I think a paint job is a bit skimpy without 2 coats of finish. The pros around here spray on the primer/sealer, then roll on two finish coats. They may have a guy spray the finish on, but a guy comes behind with a roller to apply it.
A good paint job has a minimum of 3 coats of paint - a primer with 2 finish coats. If the finish coat is very dark, like a dark red, it may need up to 7 coats before the color gets dark enough.
Hello Dave, I stumbled across your site a couple of days ago and find it very informative. Just to my background: I was an architect with my own practice in Europe for over 18 years before coming to California and getting my contractor's license. I found it a lot more fun nailing bits of wood together than telling others what I wanted done... So now I've bought a house and it has a few issues, but one of the things that are new to me in terms of "doing it myself" are sash windows. What's the best way to dismantle old ones and either replace them or restore them and how do I recover the damned weight? Best regards Andrew
Interesting email. You're the first to ask about sash windows. Luckily, I've had experience with them. Personally, I would replace them, but that's up to you.
To get at the weights, remove the upper and lower sashes by removing the inside stop. With these old windows these stops are usually painted in. First get a utility knife and cut the paint at the inside corner and with a flat bar, pop it off. You should see where the sash cord hooks to the weight, disconnect this cord on the sash and tie a knot in it so it won't go through the pulley. Remove the piece of wood behind the stop to expose the weights.
Watch out for the lead in the paint on those old windows. Keep any scraping moist to keep the paint dust out of your lungs. Wearing a dust mask is a good idea!!
If replacing the window, we usually just cut the cord and let the weight fall inside.
Hope this helps,
Hi Dave, I have a new home. It was a spec home, so it came as is, as far as the design goes. My ownership began on December the 14, 2006. I have a 1 year warranty. My question is I have several areas of this 2500 square foot, two story home (second floor only) in which I experience a popping sound and creaking noise when you walk.

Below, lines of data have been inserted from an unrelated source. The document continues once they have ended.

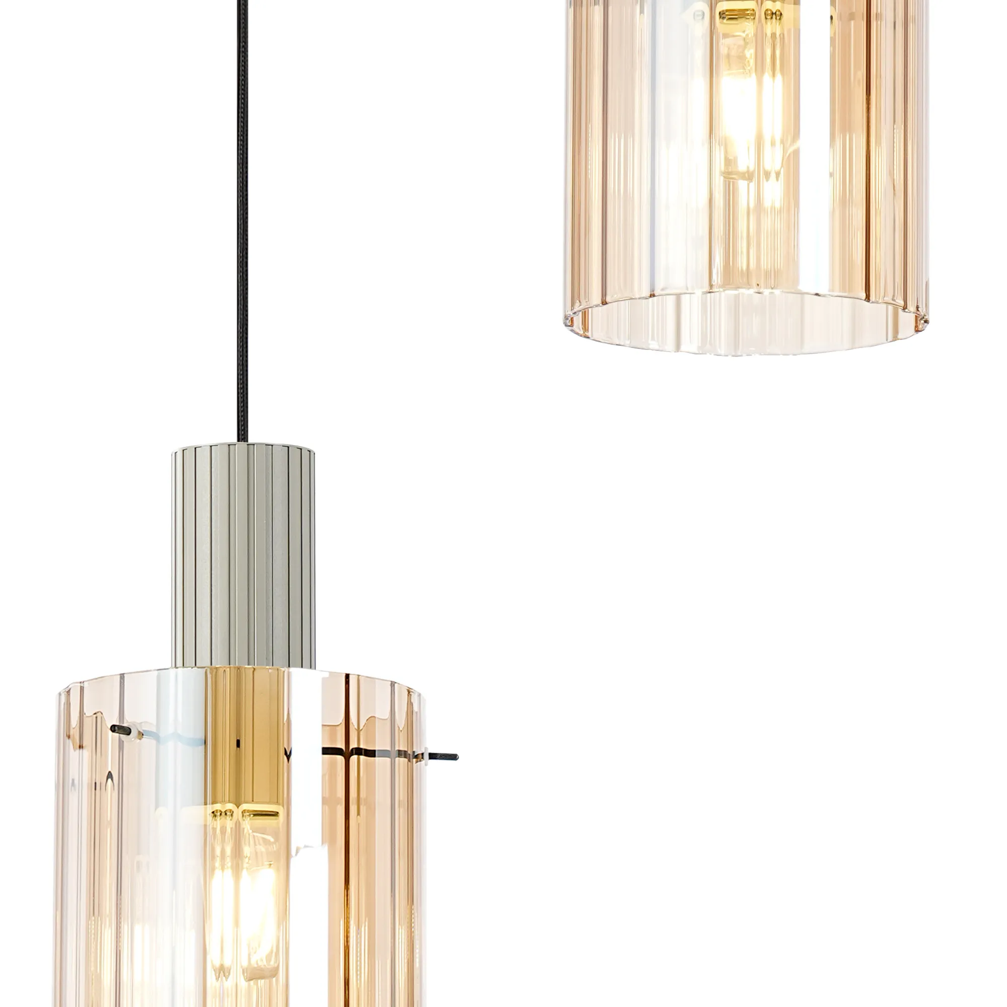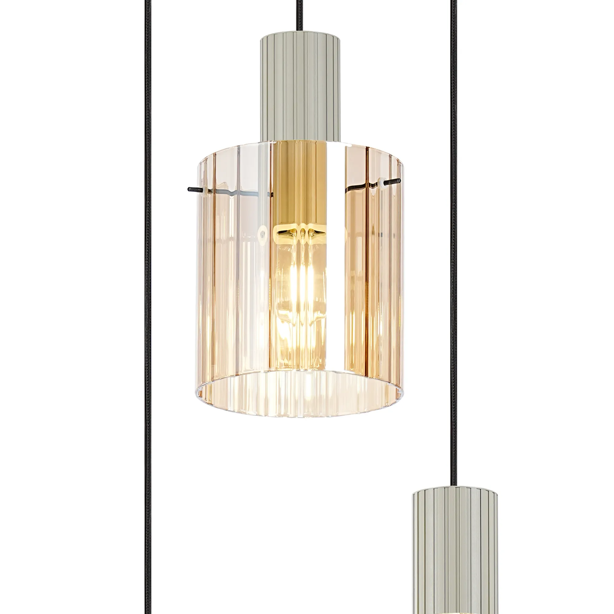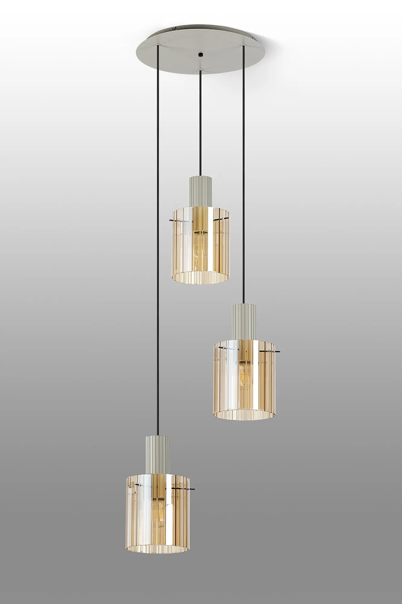 OTHER Castlegar Round Pendant, 3 Light Adjustable E27, Beige Stone/Amber Wide Line Glass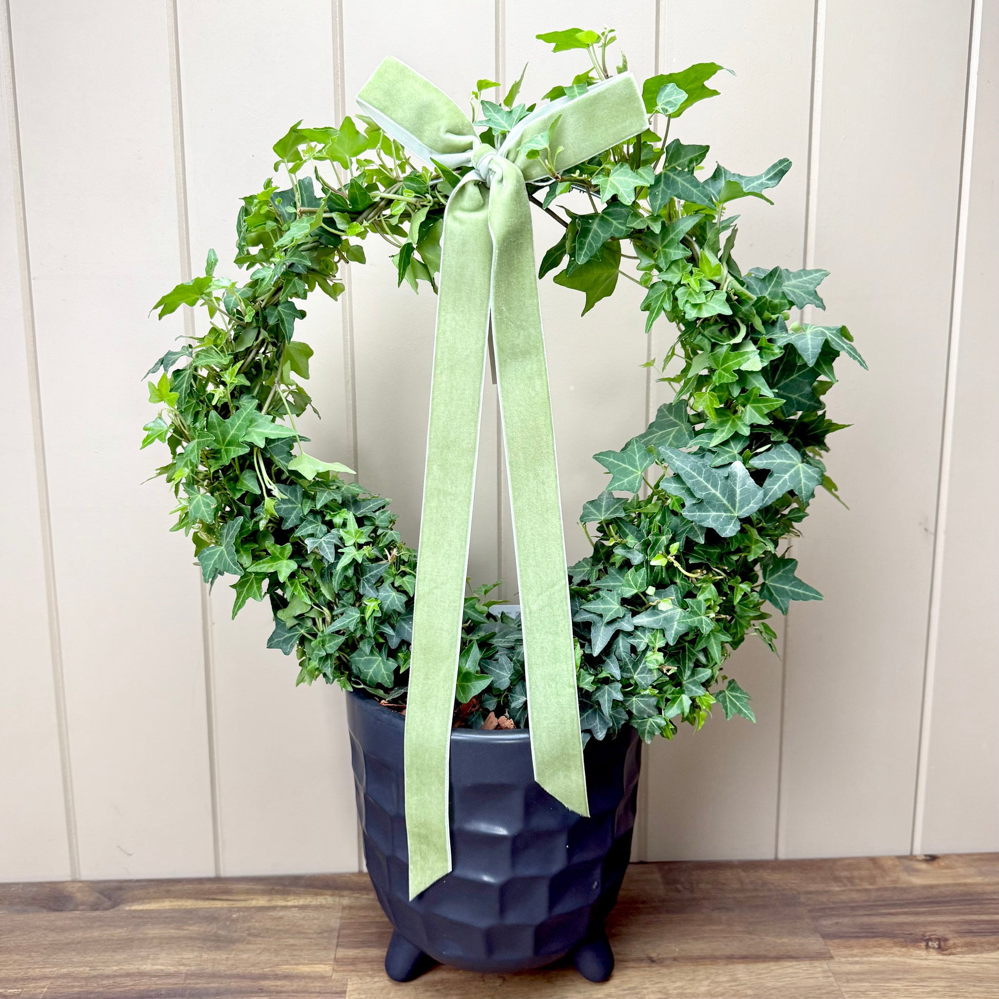 A lovely ivy plant potted in a decorative ceramic container (Olivia pot) and trained up onto a circle- shaped frame.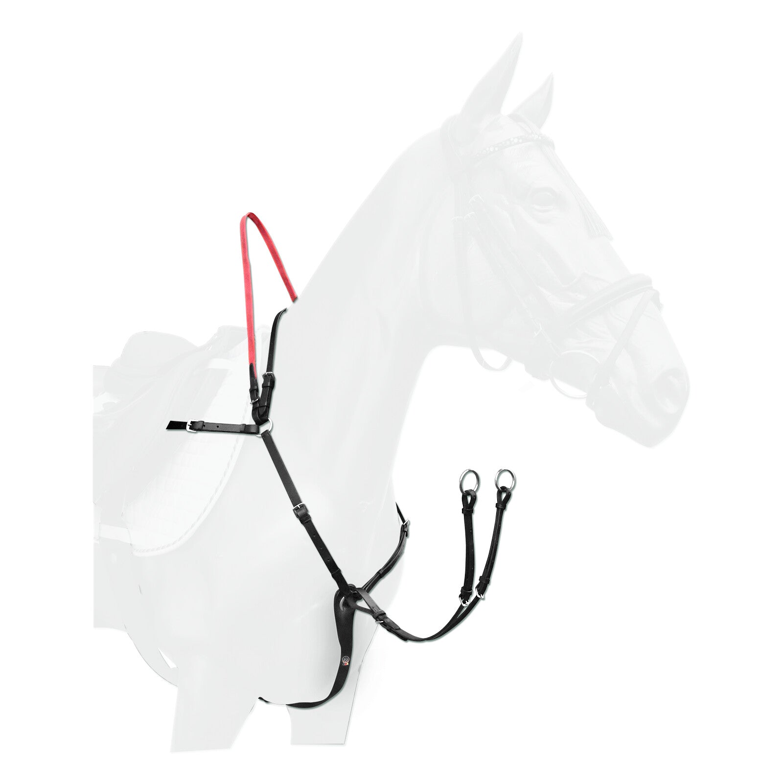 Bovendien kan de combinatie worden toegepast bij jonge of moeilijk te controleren paarden die de neiging hebben verrassende bewegingen te maken ter ondersteuning van de ruiter. De veiligheidsteugel geeft de ruiter ondersteuning wanneer dat nodig is en werkt, door de verbinding met de borstplaat, in op de borst van het paard om de controle over het paard te helpen herstellen.

The floor also can be seen to flex, with the creaking and popping noise. I've this to the attention of the building from the time I took possession. Any ideas as to the cause? Please advise, Enjoy your website. Thank you for your consideration Robert
In a new house it is not unusual to hear popping and groaning sounds for a couple of years while the house is drying out and settling. I'm not saying this is what is happening in your house, but I suspect so. Spec houses are built pretty quickly, not giving time for the wood frame to dry. It took me about 10 months to build my house and I still experienced noises for the first two years.
I'm surprised your house came with only 1 year warranty. Usually they have 5 years.
Hi Dave! I really like your site and gotten a lot of valuable information from it. My question is: Is underlayment (felt/tar paper) necessary for a gazebo roof. I bought a kit and the directions do not call for it. One more question: The roof of my 12' decagon gazebo kit has only rafters from the sides to the peak. Is bracing part of the way up recommended? Thanks for any info you can send. Carol
Ice shield, the first 3 feet of 30 lb. roofing felt over the eaves, is not required on a building roof that is not heated. Underlayment of 15 lb. felt is recommended by the manufacturer over the entire roof deck. I would suggest this is optional on an unheated gazebo roof.
On a 12' gazebo roof the rafters have short spans. Unless you are in a heavy snow or wind load area, you should be okay. I can't verify this unless I have your kit plans or know where you live. The shorter walls should have the necessary support to keep the walls from bowing out under a heavy load or bracing is required on the rafters, under heavy loads.
Well, keep those questions coming and enjoy your summer!